For Rick Crowl, Jerry Jones' report was the crowning blow. Not even Bennett's customary emphatic defense--"I stand by my findings. . . . It's not like I'm making it up"--could sway him any longer. He still liked and respected Bennett but felt he had to go with what the experts were saying. The fact was, the state no longer had probable cause. Even if Joel Lehmer were mean to that baby, even if he wanted to put it up for adoption, that baby still didn't die of trauma.

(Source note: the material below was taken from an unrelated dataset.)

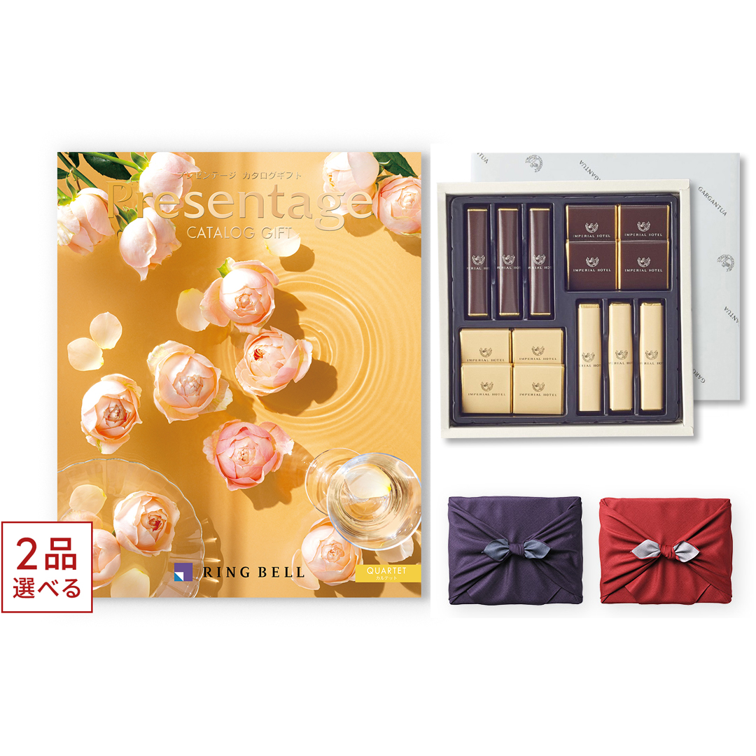 [1冊から2品選べる] リンベル Presentage(プレゼンテージ)カタログギフト QUARTET〔カルテット〕+帝国ホテル チョコレート(TA-20BE)セット【京都・風呂敷包み】

Or, at least, Crowl couldn't prove it. He couldn't show that anything the parents did caused their baby to die. No way could the state win at a retrial. The defense would have Jerry Jones, plus the destroyed slides. By law, it would be assumed that missing evidence was beneficial to the defendant.
It's hard to imagine any other prosecutor doing what Crowl now did. It was one month before election day, and Crowl was up for reelection. The Lehmers were a dubious couple at best. They'd pleaded; he had them in jail. The easiest thing would be to let Brennecke file a motion for post-conviction relief. Go through the lengthy appellate procedure, wait out the election.
Instead, Crowl, on the evening of Sept. 24, just hours after hearing from Jones, called Judge Timothy O'Grady of the Iowa District Court in Pottawattamie County. "We have a problem," Crowl began. "I think we have some people in prison who shouldn't be there. I don't think I have a provable case."
The hearing commenced at 2:42 the next afternoon at the Pottawattamie County Courthouse in Council Bluffs. For the county appeared Rick Crowl. For the Lehmers appeared their original lawyers, Drew Kouris and Greg Steensland.
Brennecke was out of the country on an 11-day tour of China. Crowl, not wanting to wait, had called Kouris midmorning, without advance notice. We're going to court, he'd advised. You need to prepare a motion for a new trial.
"These motions," Judge O'Grady began, "allege that there has been evidence discovered since the judgment in these cases. Mr. Crowl?"
The county attorney rose. "Yes, your honor. The state is not going to resist the application, but in support of the state's position, we would like to call Dr. Jerry Jones."
On the stand, Jones again was unequivocal: Completely unconvincing . . . I could not interpret this in any way, shape or fashion as evidence of subdural hemorrhage. . . . I completely disagree with the findings and the interpretations by Dr. Bennett.
When Crowl finished his interrogation, Judge O'Grady posed his own question: "Dr. Jones, . . . How is it that your opinion differs so much with Dr. Bennett's? Do experts commonly disagree with interpretations of those photographs?"
Jones shifted in his chair, plainly uncomfortable at the notion of openly criticizing a colleague. "Well," he said. "I cannot explain Dr. Bennett's interpretation of this. I believe it is completely incorrect, and I don't believe that other competent pathologists in reviewing this would come to the same interpretation as Dr. Bennett. . . . I don't know how else to answer the question. . . ."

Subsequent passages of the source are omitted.